Personal information
- Full name: John Reginald Bean
- Born: 16 January 1913 Bangalore, Kingdom of Mysore, British India
- Died: 27 August 2005 (aged 92) Somerset, England
- Batting: Right-handed
- Bowling: Leg break

Career statistics
| Competition | First-class |
| Matches | 1 |
| Runs scored | 20 |
| Batting average | 10.00 |
| 100s/50s | –/– |
| Top score | 19 |
| Catches/stumpings | –/– |
- Source: Cricinfo, 13 April 2019

= John Bean (cricketer) =

English cricketer and British Army officer

John Reginald Bean (16 January 1913 - 27 August 2005) was an English first-class cricketer and British Army officer. His military career spanned from 1933-1956 with the Royal Artillery, during which he served in the Second World War. He also played first-class cricket for the British Army cricket team.

==Life and military career==
Bean was born at Bangalore in January 1913, in what was then a part of British India. He was educated in England at Ampleforth College, before attending the Royal Military Academy, Woolwich. He graduated from Woolwich in August 1933, entering into the Royal Artillery as a second lieutenant. He made his only appearance in first-class cricket for the British Army cricket team against Cambridge University at Fenner's in May 1936. Batting twice in the match, he was dismissed for a single run in the Army's first-innings by William Rees-Davies, while in their second-innings he was dismissed for 19 runs by Jahangir Khan.
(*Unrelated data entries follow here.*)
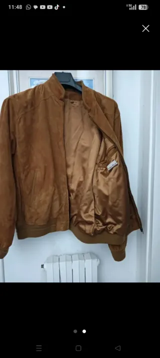 Giubbotto in pelle scamosciata color marrone./ Senape Un capo versatile e di tendenzaFodera in raso - Materiale: Pelle scamosciata. - Made in Italy.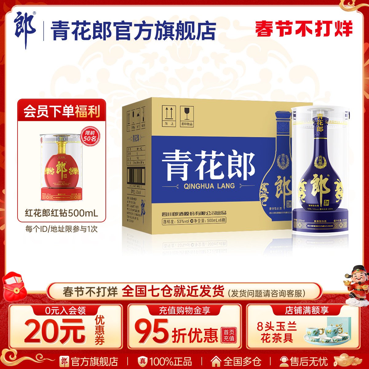 📚 郎酒 青花郎53度酱香型高档白酒 6瓶整箱官方旗舰店正品商务宴请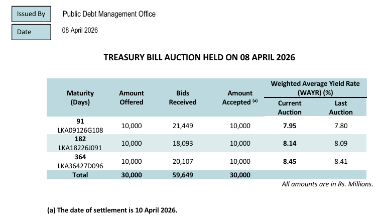 On April 8, the debt management office successfully raised 30 billion rupees through the issuance of 3-month, 6-month, and 12-month treasury bills. The settlement date for this issuance is set for April 10, 2026. (Colombo/Apr10/2026)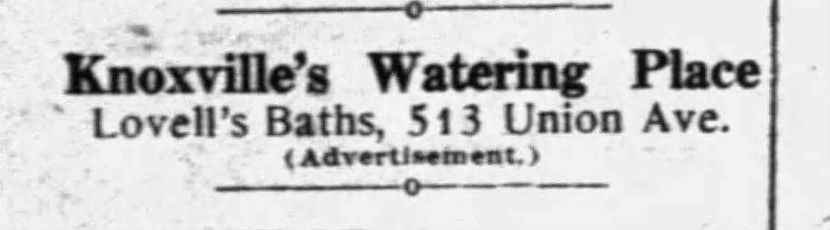 1913 Lovell’s Baths advertisement. (Knoxville Journal and Tribune)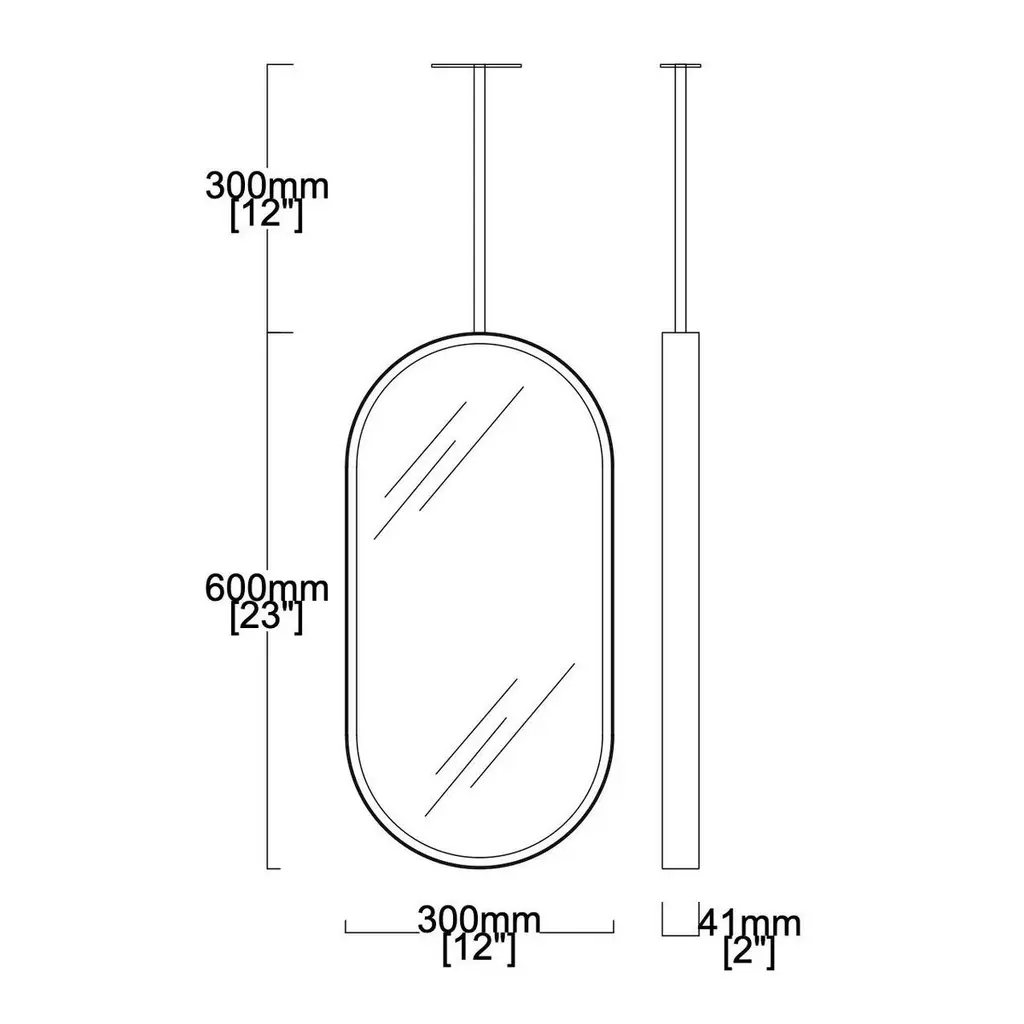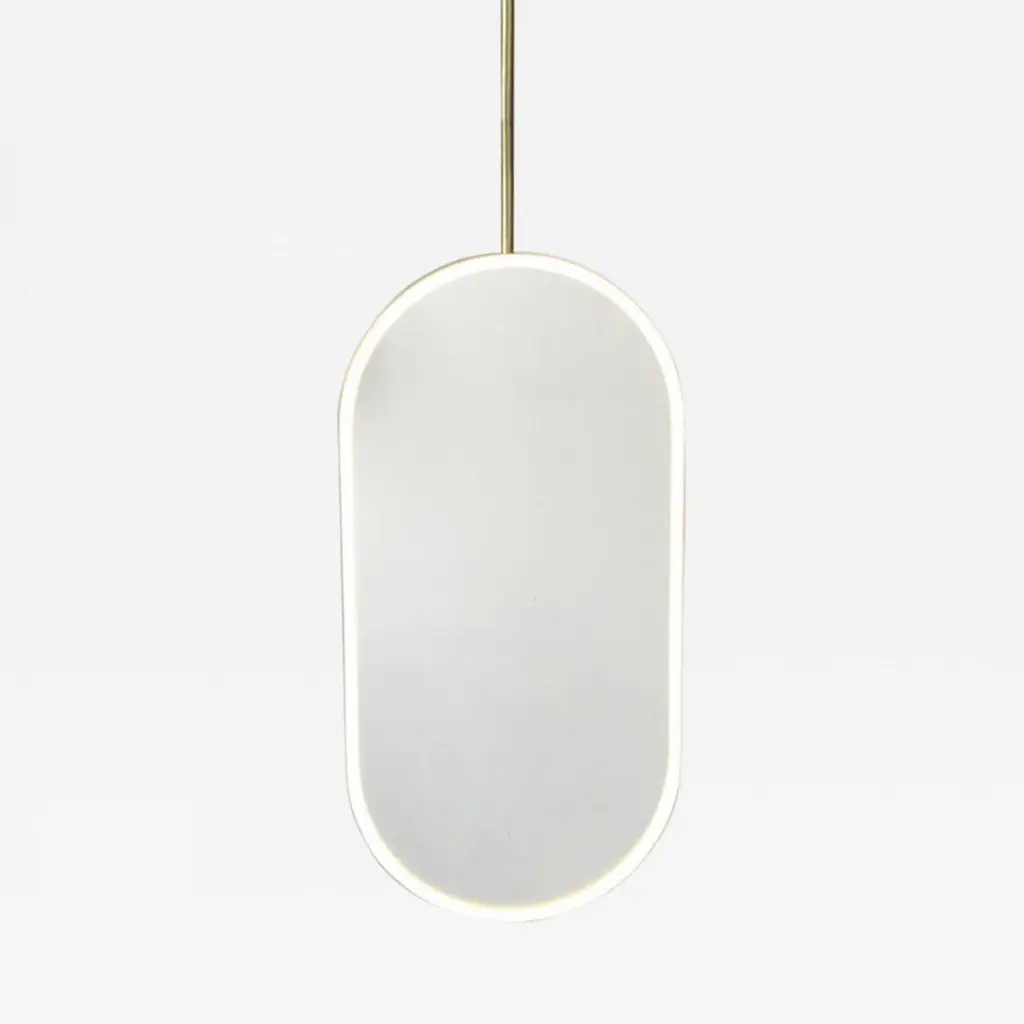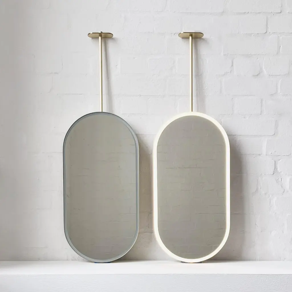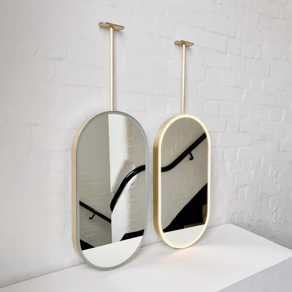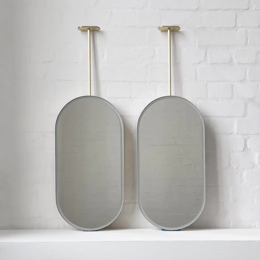 Set of two modern front illuminated Capsula™ ceiling suspended pill shaped mirrors with a minimalist brushed brass frame. Designed and handcrafted in London, UK. This mirror is fully customisable to suit the specific requirements of each interior.Mirror backing. The quality finish of our suspended mirrors extends to their backings, which are made from a powder coated panel available in black or white. The mirror backings can also be upgraded to a finish that matches the frame or they can be substituted by a second mirror, making your mirror double sided.Cover plates. The ceiling plates are supplied with a cover hiding the screws to complete the minimalist design of the mirror.Standard Illumination. The mirror features warm white LED lighting with a colour temperature of 2800–3300K and a power consumption of 14.4W per meter. It has an IP67 rating.Driver. A non-dimmable driver compatible with local voltage is supplied as standard. Alternative drivers — including dimmable versions or different colour temperature options — are available upon request.Shipped safely and insured worldwide. All our mirrors are made on demand. Fabrication lead time for this mirror is approximately 6 to 7 weeks. Our mirrors are always shipped by courier express. Shipping via courier express typically requires 1 to 2 days to the UK, or 2 to 7 days outside the UK depending on the destination.Dimensions (customisable):60 cm x 30 cm x 4.1 cm / 23.6 in x 11.8 in x 1.6 inThe mirror is illustrated with a drop of 30cm (11.81in) but it can be made in a bespoke length. Please contact our team for further information. Available options:- frame finishes: brass (brushed, polished or with a bronze patina), copper, stainless steel, blackened metal, powder coated aluminium in a range of standard or bespoke colours- full frame- backing with a finish that matches the frame- double-sided mirror- mirror tints: standard silver, black, bronze, blue, rose gold / peach- back-illumination creating a halo effect- ON/OFF sensor switch- dimmable driver- demister pad- bevelA presentation illustrating the options above is also available on demand. Please contact us for a quote for any bespoke specification or added options.IMPORTANT NOTES:This suspended mirror is intended to be mounted onto the ceiling and cannot be installed onto a countertop. Countertop mounted mirrors are available on demand.ORDERS OF MULTIPLE MIRRORS OF THE SAME TYPE: Please contact us to receive a Packing and Shipping quote when ordering multiple mirrors of the same type. An order for multiple mirrors of the same type may not be accepted without extra packing and shipping fees. Thank you.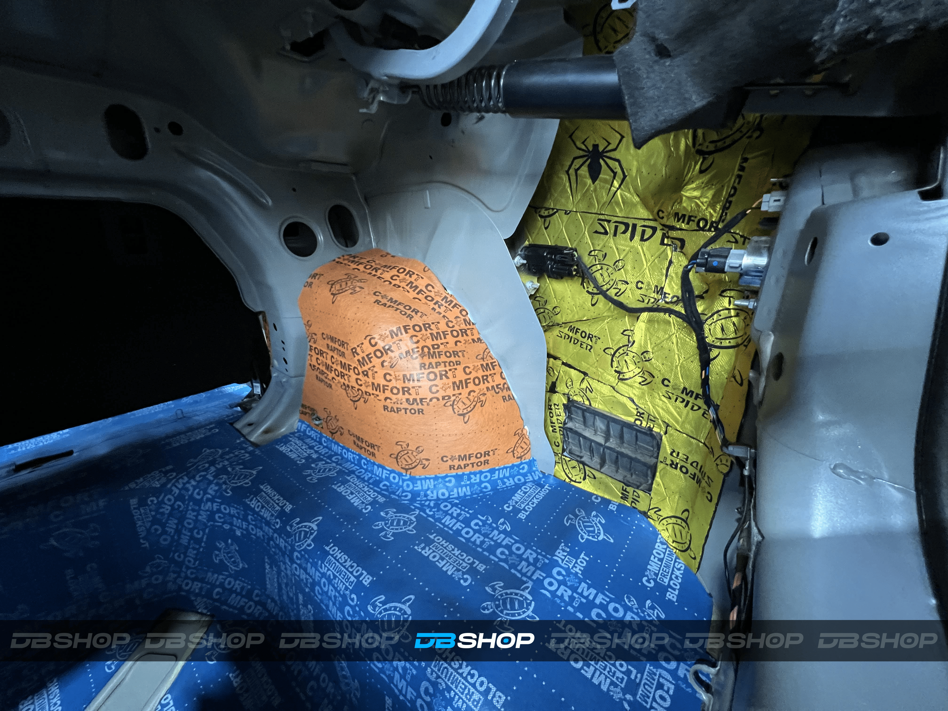 Первым слоем на дно салона и багажник нанесли виброизоляцию Comfort Mat Spider. На снимке виден готовый слой Spider, плотно наклеенный на поверхности, обеспечивающий прочную основу.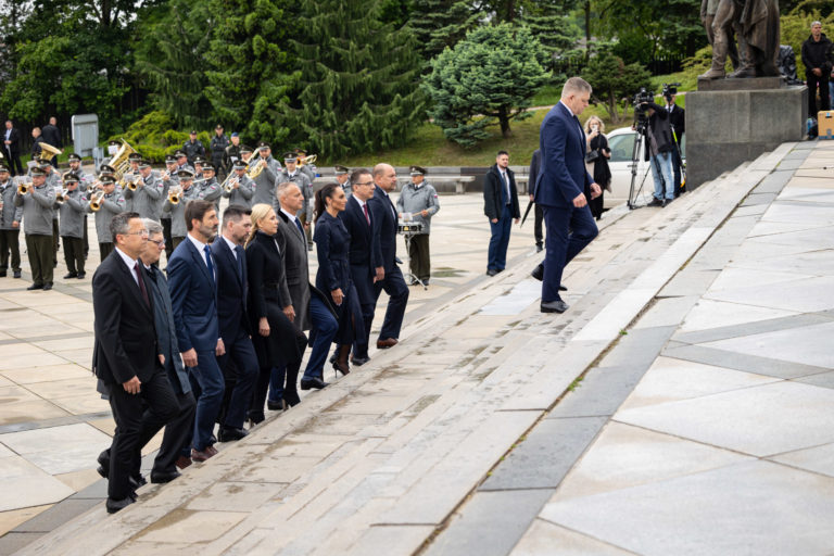 Premiér SR Robert Fico (piaty zľava) a poslanci NR SR na Slavíne pri príležitosti 79. výročia ukončenia 2. svetovej vojny a Dňa víťazstva nad fašizmom. Bratislava, 8. máj 2024. Foto: SITA/Jana Birošová

In August 1936, he was promoted to the rank of lieutenant. He served in the Royal Artillery in the Second World War, during which he was promoted to the rank of captain in August 1941. He was promoted to the rank of major in August 1946. He was promoted to the rank of lieutenant colonel in January 1955. He retired from active service in May 1956, upon which he was placed on the reserve of officers list. Having exceeded the age for recall, he ceased to belong to the reserve of officers in January 1968. He died in Somerset in August 2004.